SEC fines Morgan Stanley for part in trader scheme
The Securities and Exchange Commission has fined Morgan Stanley & Co. LLC $4 million for its role in a trader scheme that brought down a Connecticut-based brokerage firm.
The SEC found that the New York City-based financial services corporation violated market access rules by failing to have risk management controls in place that would have kept sales trader David Miller from entering online orders for Apple stock that exceeded his employers’ daily trading limits.
The SEC charged Miller, a former employee of Rochdale Securities LLC, with fraud in April and sentenced him to 30 months in prison for purchasing 1.625 million unauthorized shares of Apple stock work $1 billion, according to a news release.
Miller was hoping to split the profits with the customer that had originally authorized the purchase of 1,625 shares of Apple.

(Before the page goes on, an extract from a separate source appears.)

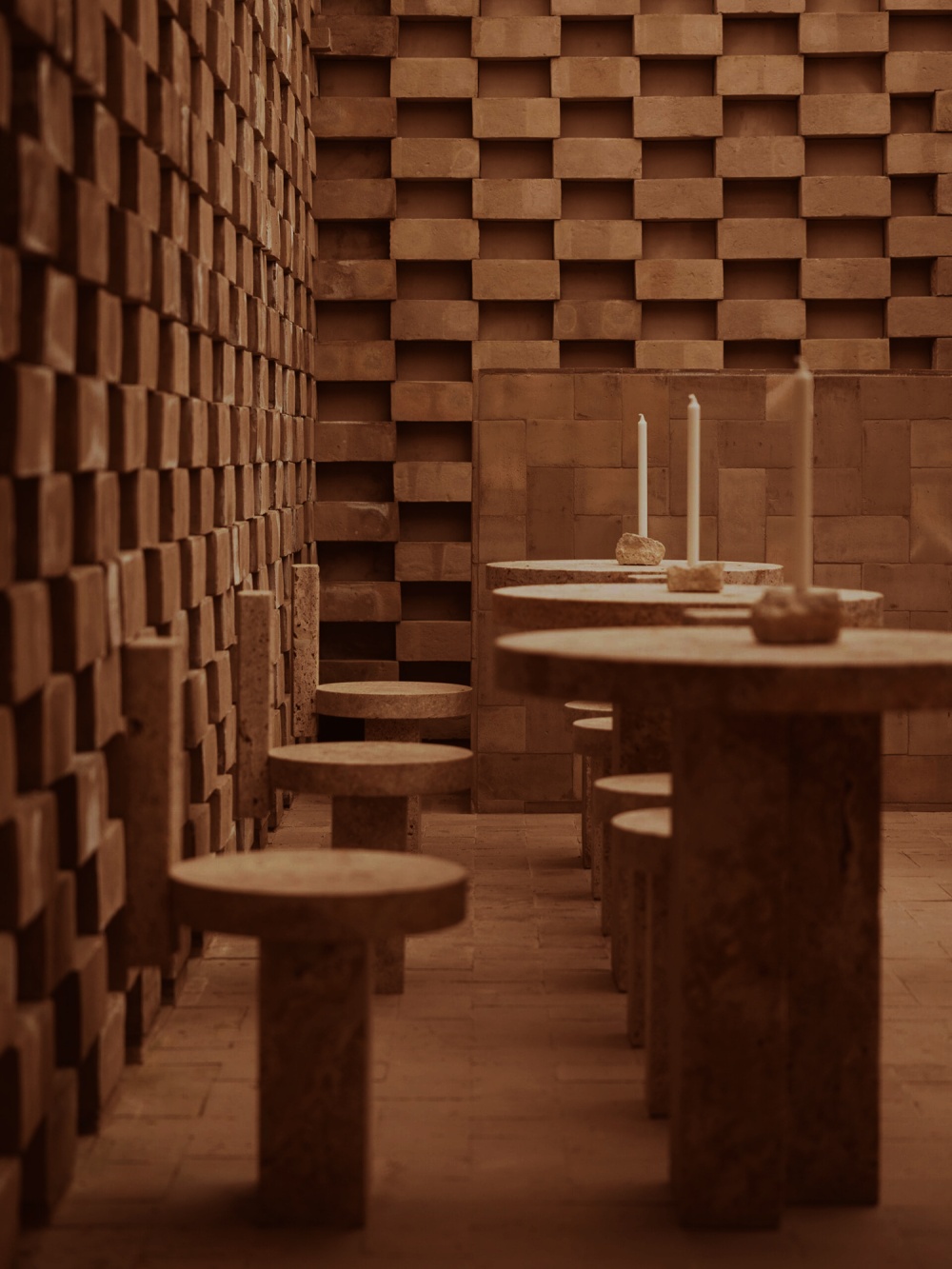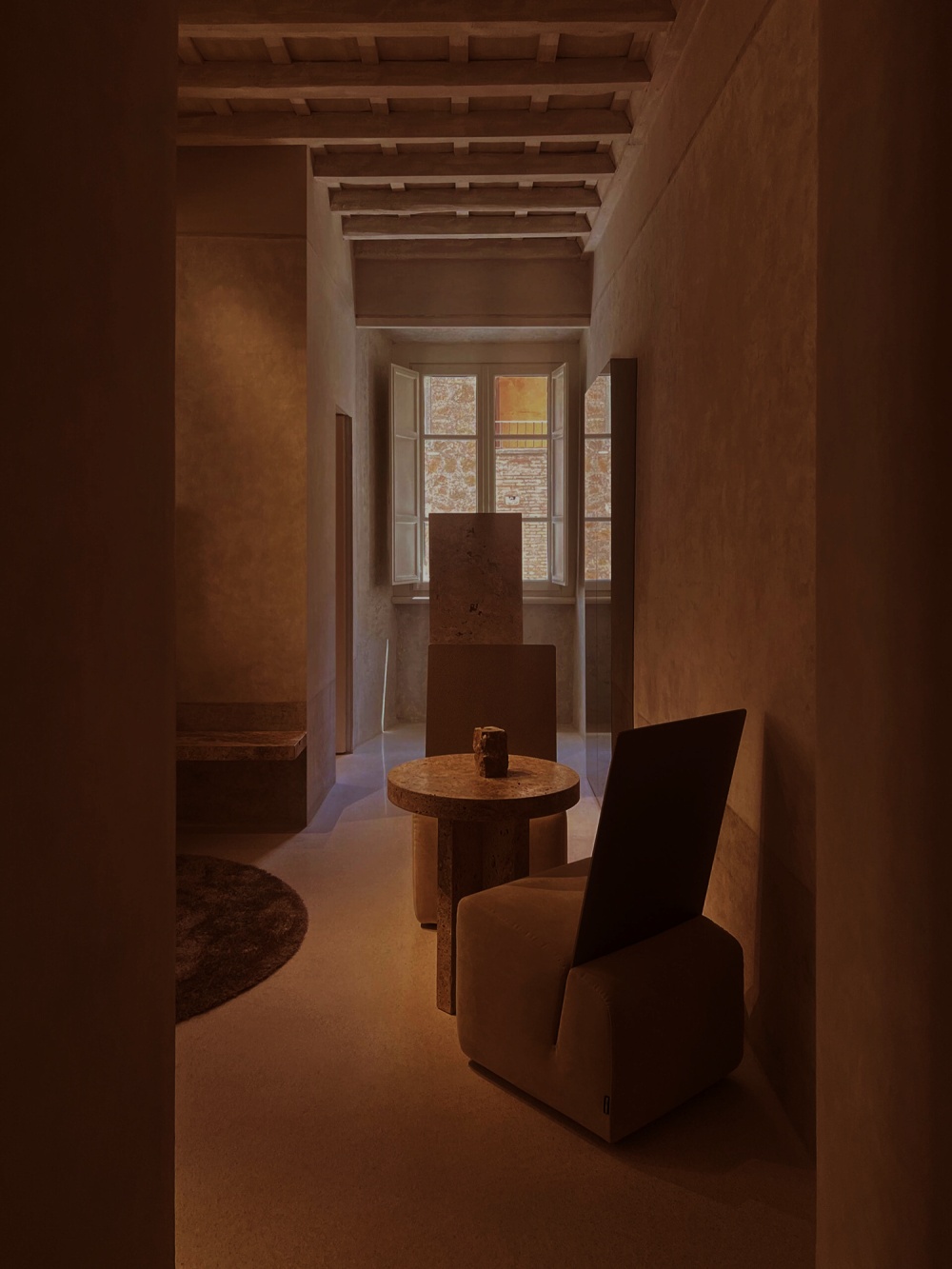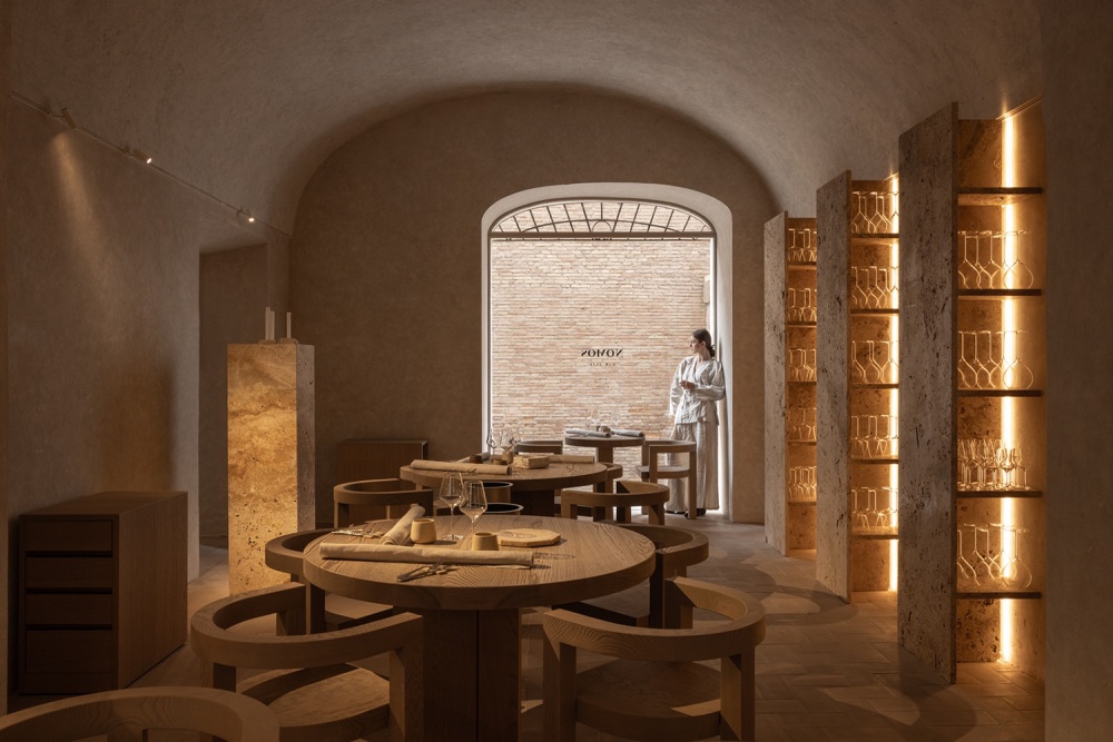 酒吧与庭院的设计,是 “材质诗学” 在社交场景的延伸。酒吧的 24 个座位围绕着 “从地面升起” 的桌子排列,几何底座的 “古代文物感” 与现代饮酒体验的结合,让 “社交” 也成为一种 “历史与当代的对话”;庭院的陶土元素与木质家具,在罗马的阳光下,为住客提供了一个 “在历史中放松” 的场所,让 “材质的诗意” 在人与人的互动中得以传递。

If the stocks dropped, the SEC said Miller planned to claim he made an error when placing the order.
But the SEC found that Morgan Stanley’s electronic trading desk increased Rochdale’s $200 million daily trading limit to $500 million and later to $750 million to allow the order to go through but never checked with the company to make sure the increases were warranted.
“Broker-dealers become important gatekeepers when they provide customers direct access to our securities markets, and in this case Morgan Stanley did not live up to that responsibility,” the SEC’s Director of Enforcement Andrew Ceresney said in a news release Wednesday.
“Morgan Stanley failed to have reasonable controls in place to mitigate the risks associated with granting market access to a customer.”